Not to do the whole medical scare-tactic thing, but we should really be more focused on heart disease, which is the #1 killer of women over 25. It’s still largely seen as a male disease, and doctors notoriously misdiagnose and miss warning signs of heart disease in women. If you have a family history of heart disease, your risk of getting it will be even higher.
The findings are among those in a series of articles to be published today in two medical journals — the Journal of the American College of Cardiology, and Circulation — exploring the differences in heart disease between men and women. The subject has drawn increasing interest in recent decades, as scientists began to realize that the results of previous studies, done mostly in men, did not always apply to women.
Among the differences already known are that women with heart disease tend to be sicker than men by the time it is diagnosed, to benefit less from bypass surgery and to have more severe symptoms when they develop heart failure. Some of the difference is because women are older and frailer when they develop heart disease, but that does not account for all of it.
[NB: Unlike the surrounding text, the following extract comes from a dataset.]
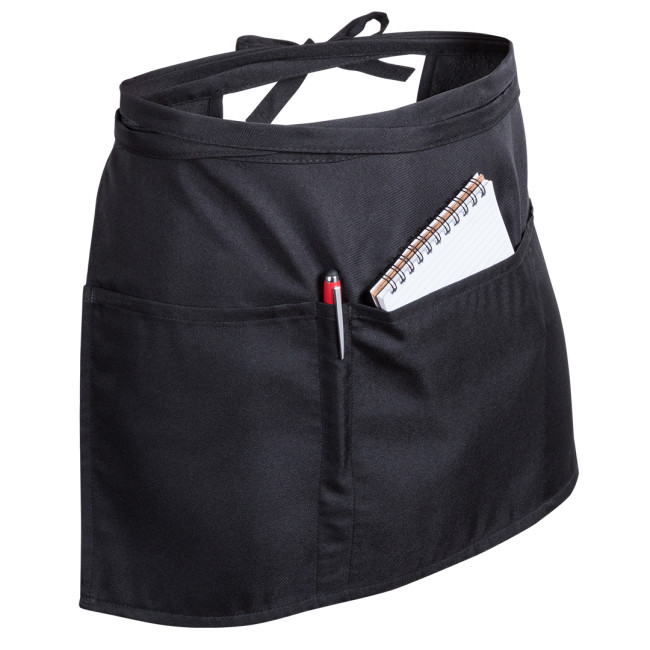 Grembiule in vita realizzato in materiale 100% poliestere, caratterizzato da una finitura morbida e un elegante colore nero. Dotato di 2 tasche grandi e una tasca portapenne, è regolabile con cinghie per una vestibilità personalizzata.
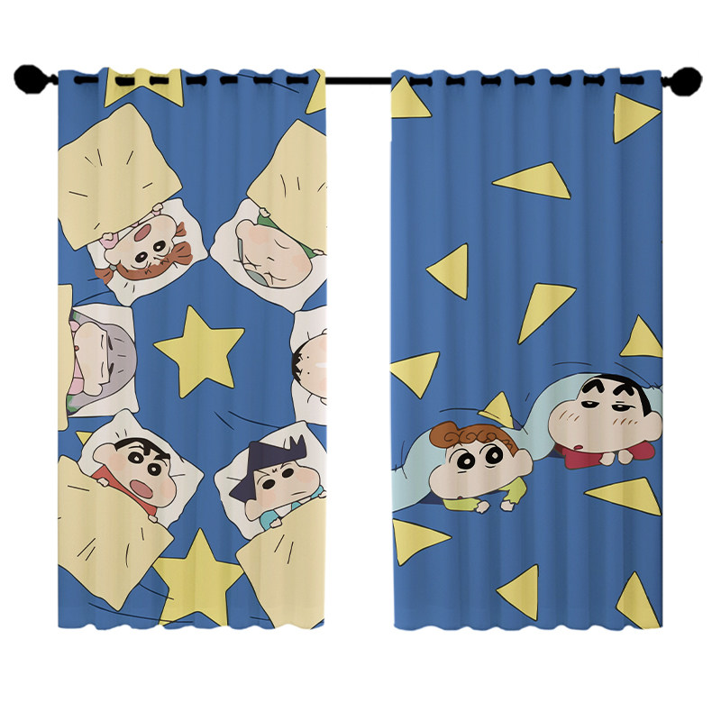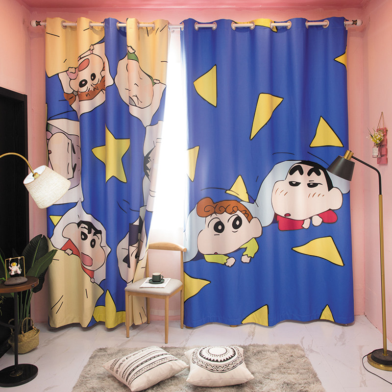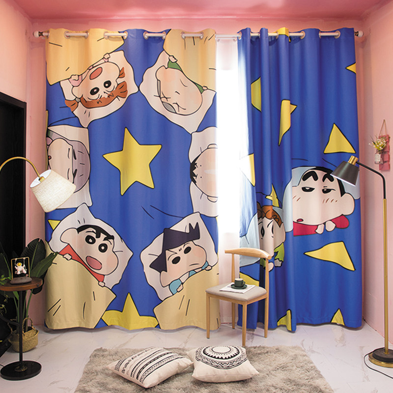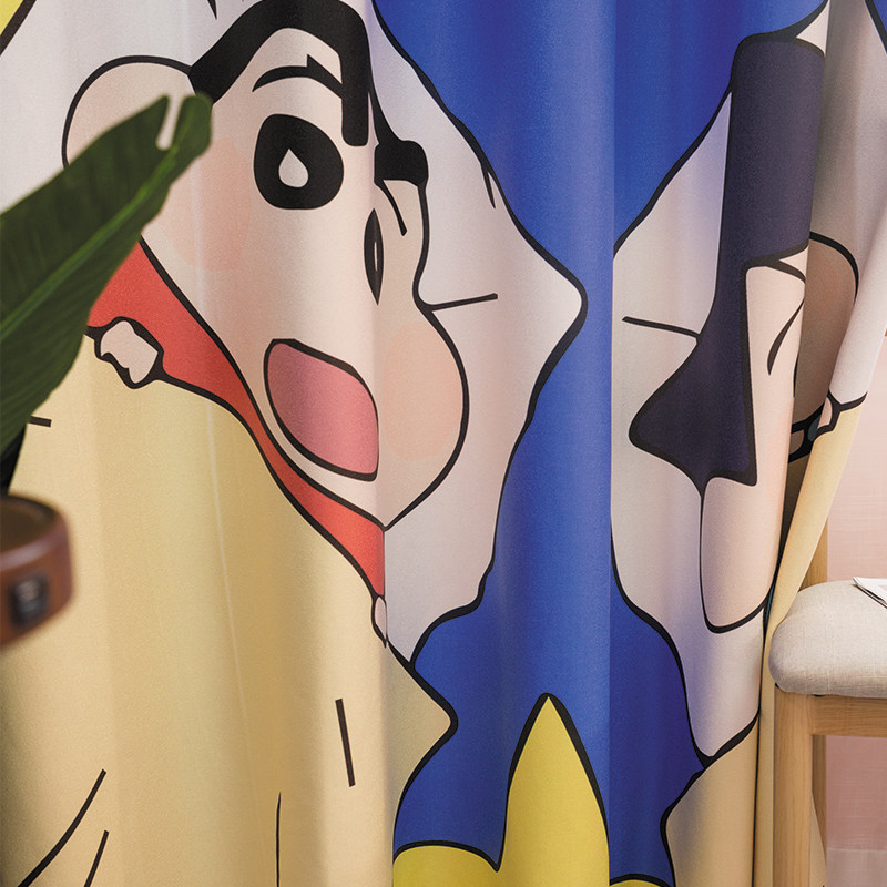 Custom long curtain hemp crayon Xiaoxin cartoon children's shading and heat insulation bedroom floor-to-ceiling windows can be changed to height curtains

“…the results of previous studies, done mostly in men, did not always apply to women.” Doesn’t it seem like we hear this line a lot?
Heart disease, strokes and other cardiovascular diseases are the leading causes of death in the United States and other developed countries. They killed 910,600 people in the United States in 2003, the most recent year for which data are available; more than half the deaths, 484,000, were among women.
Although women’s risk is greatest after menopause and increases with age, heart disease is the No. 1 cause of death in all women older than 25. Overall death rates from coronary disease have declined in the past few decades, but most of the improvements have been in men’s rates.
For all the women out there, how many times have you been warned or made aware of your risk of heart disease compared to, say, breast cancer?
“To women as patients, the message is, look, if you have symptoms, don’t think because you are a woman you are immune to having a heart problem,” Dr. Sopko said.
And the message to doctors should be, “Look, if your patient has symptoms, don’t think because she’s a woman that she’s immune to having a heart problem.”